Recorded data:
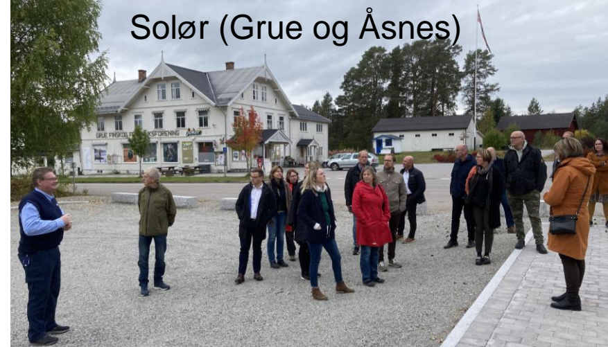
Solør (Grue og Åsnes)
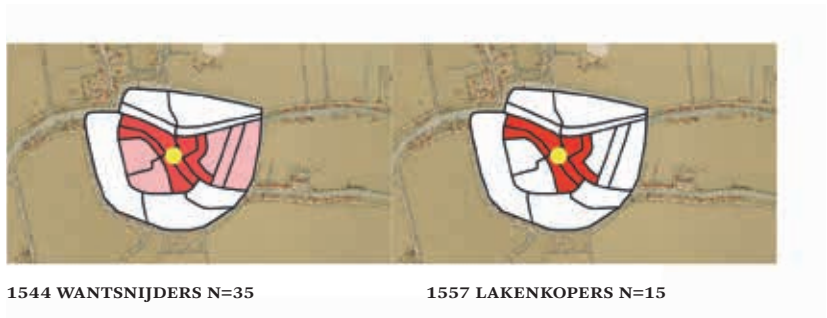
1544 WANTSNIJDERS N=35
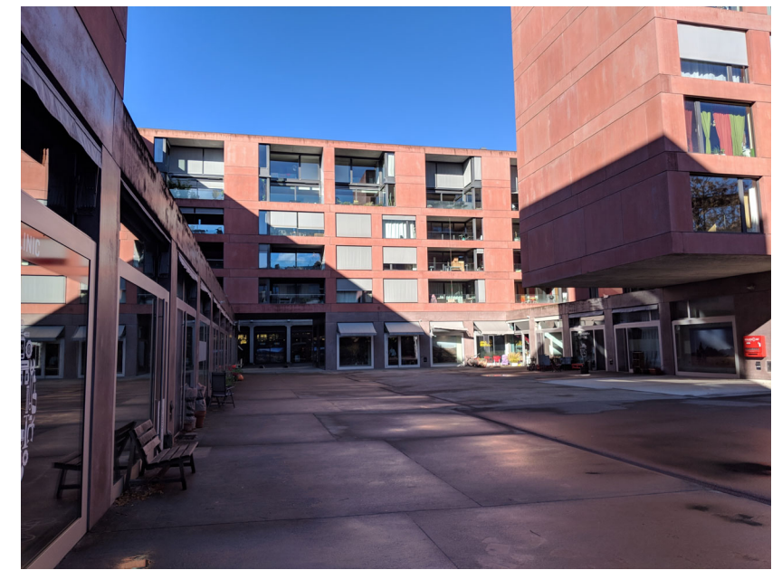
Überbauung Sieb-Zehn, Sulzer Area, Winterthur Kaufmann van der Meer Architekten, Zürich
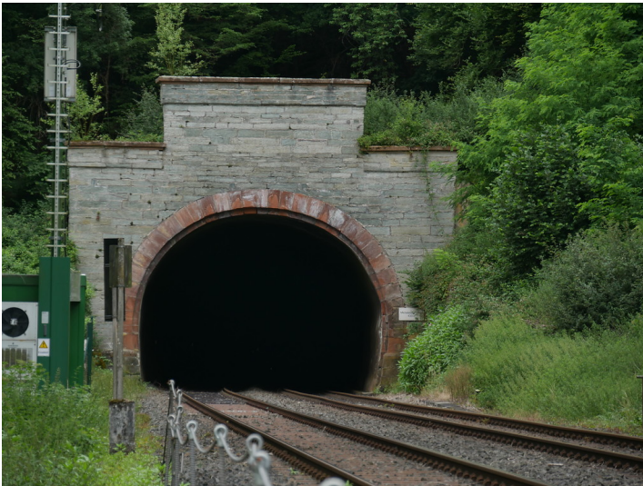
Südportal des Michelsberg-Tunnels bei Weilburg-Kirschhofen (2017)
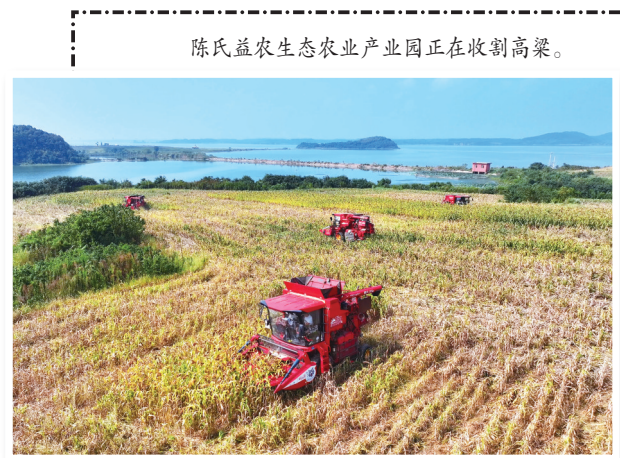
陈氏益农生态农业产业园正在收割高粱。
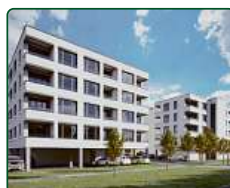
Bytové domy Břeclav, ul. Charvátská
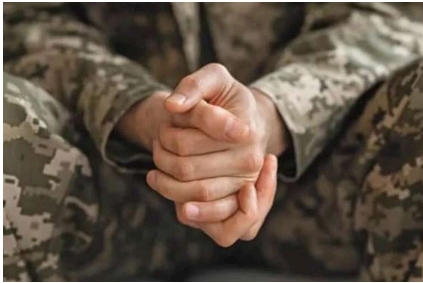
Журналіст оприлюднив тривожну статистику дезертирства в українській армії в 2025 році

Читати на руськом Read in English Додати як бажане джерело в Google
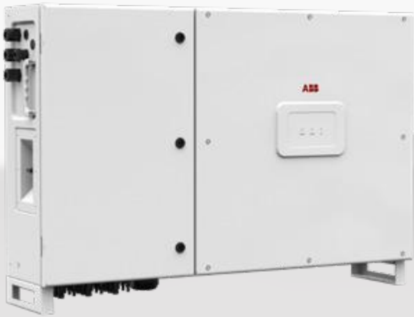
— String-Wechselrichter PVS-50/60-TL

Diese neue Ergänzung der String-Wechselrichterfamilie PVS mit drei unabhängigen MPPT und einer Nennleistung von bis zu 60 kW soll die Anlagenrendite in Grosssystemen maximieren. Sie bietet alle Vorteile einer dezentralen Konfiguration sowohl für ebenerdige als auch Dachinstallationen.
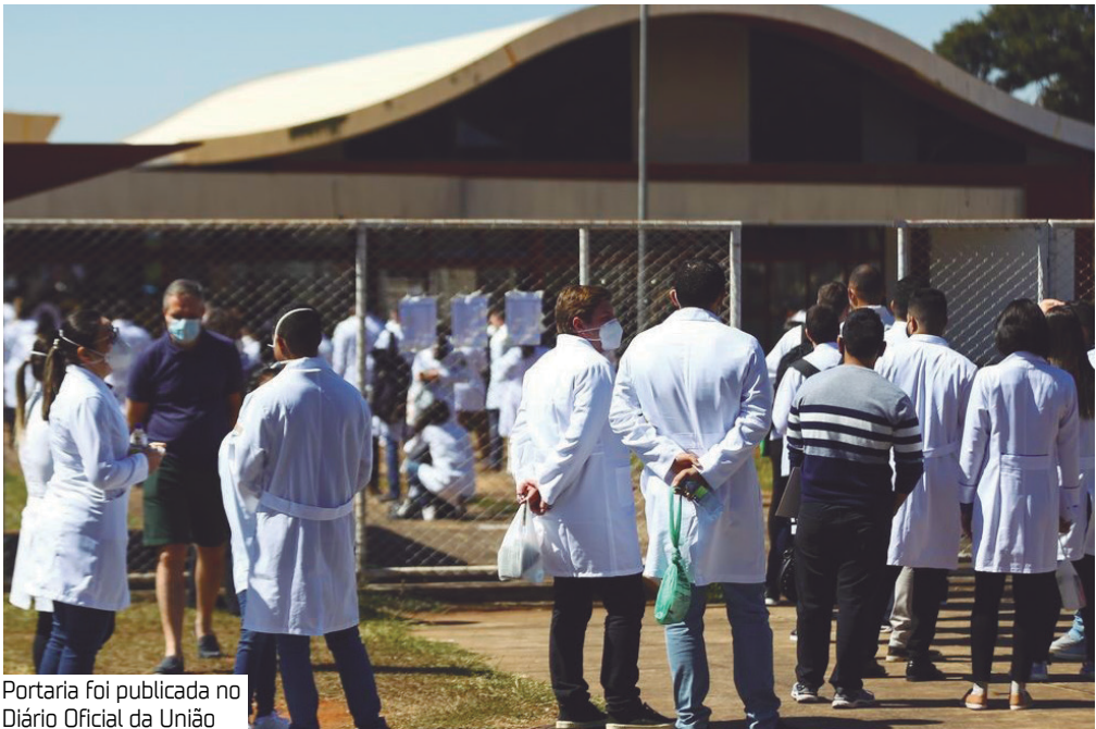
Portaria foi publicada no Diário Oficial da União

dos novos cursos. A pasta cita a recente expansão de vagas de medicina, notadamente provocada pela judicialização dos pedidos de autorização de novos cursos, pela expansão da oferta de cursos dos sistemas estaduais e distrital de ensino e pela conclusão de processos administrativos relativos a aumento de vagas em cursos já existentes. “Diante desse quadro, a manutenção do edital deixaria de atender aos objetivos de ordenação da oferta, redução das desigualdades regionais e garantia de padrão de qualidade que orientam o Programa Mais Médicos”, diz o MEC.
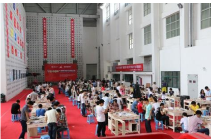
承办福建省大学生结构 设计竞赛
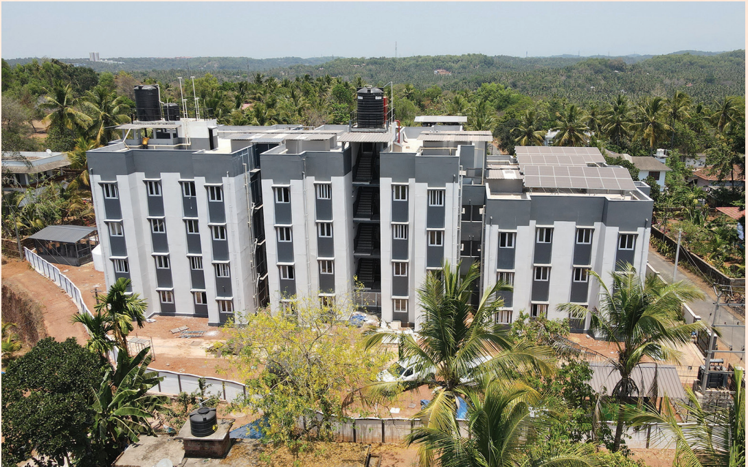
ലൈഫ് വേന സമുച്ചയം, കടമ്പൂർ

542. ലൈഫ് മിഷന്റെ അടുത്ത ഘട്ടത്തിലെ പ്രത്യേകത ഭൂരഹിതർക്കു വീട് നൽകലാണ്. അവർക്ക് ഫ്ളാറ്റുകൾ നിർമ്മിച്ചു നൽകും. അതോടൊപ്പം സ്വന്തമായി സ്ഥലം വാങ്ങി വീട് വയ്ക്കാൻ തയ്യാറുള്ളവർക്ക് 10 ലക്ഷം രൂപ വീതം നൽകും.
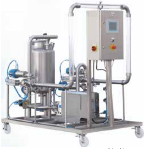
Pig Sistem Pig System
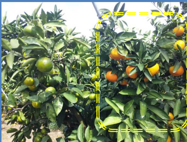
着色が早く樹勢の良い「ゆら早生」
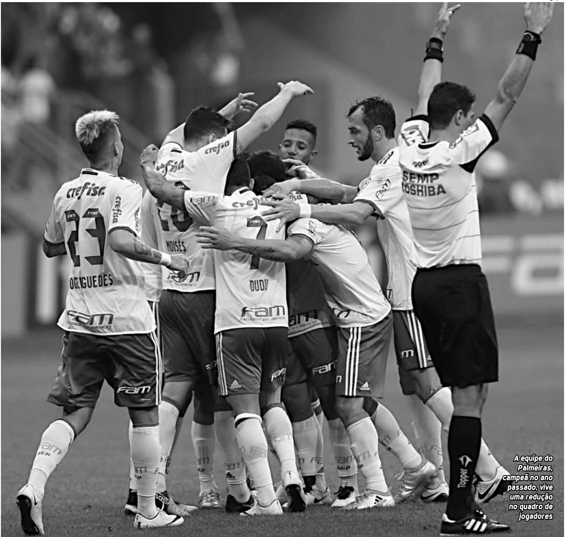
A equipe do Palmeiras, campeão no ano passado, vive uma redução no quadro de jogadores

“Mostramos que este grupo faz a diferença. Os outros que entraram mantiveram o mesmo nível de atuação; isso mostra que o grupo é vitorioso. Tomara que continue junto conosco, que consigamos títulos e vitórias”, finalizou.
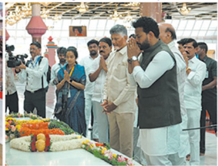
Dignitaries paying floral tributes at the Divya Sannidhi.
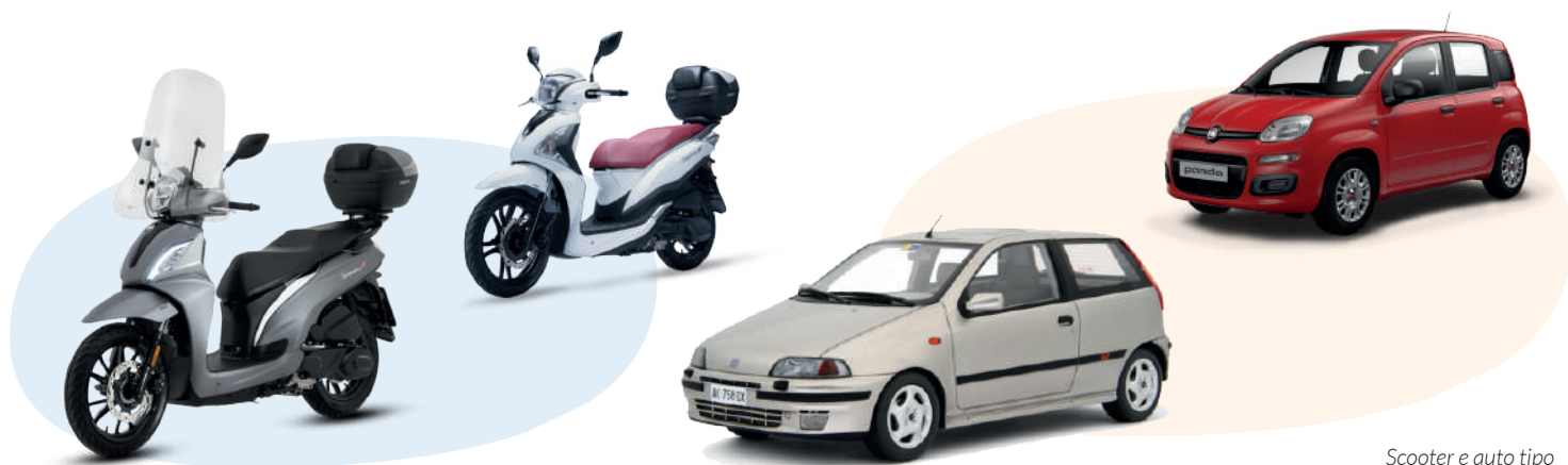
Scooter e auto tipo

Le quote per mezzo includono: nolo auto/scooter/quad per 7 giorni con consegna/riconsegna presso il proprio hotel/appartamento; km illimitato; assistenza sull'isola, assicurazione contro terzi RCA (con franchigia). Le quote non includono: assicurazione Casco a pag. in loco (facoltativa), carburante, multe per infrazioni al codice della strada, assicurazioni supplementari, quanto non specificato nella voce "Le quote includono". Importante: non è necessaria la carta di credito per noleggiare auto/scooter/quad.

* **TASK REQUIREMENTS**: Show all lines above containing "String".

* **WRITTEN SOLUTION**:
— String-Wechselrichter PVS-50/60-TL
Diese neue Ergänzung der String-Wechselrichterfamilie PVS mit drei unabhängigen MPPT und einer Nennleistung von bis zu 60 kW soll die Anlagenrendite in Grosssystemen maximieren. Sie bietet alle Vorteile einer dezentralen Konfiguration sowohl für ebenerdige als auch Dachinstallationen.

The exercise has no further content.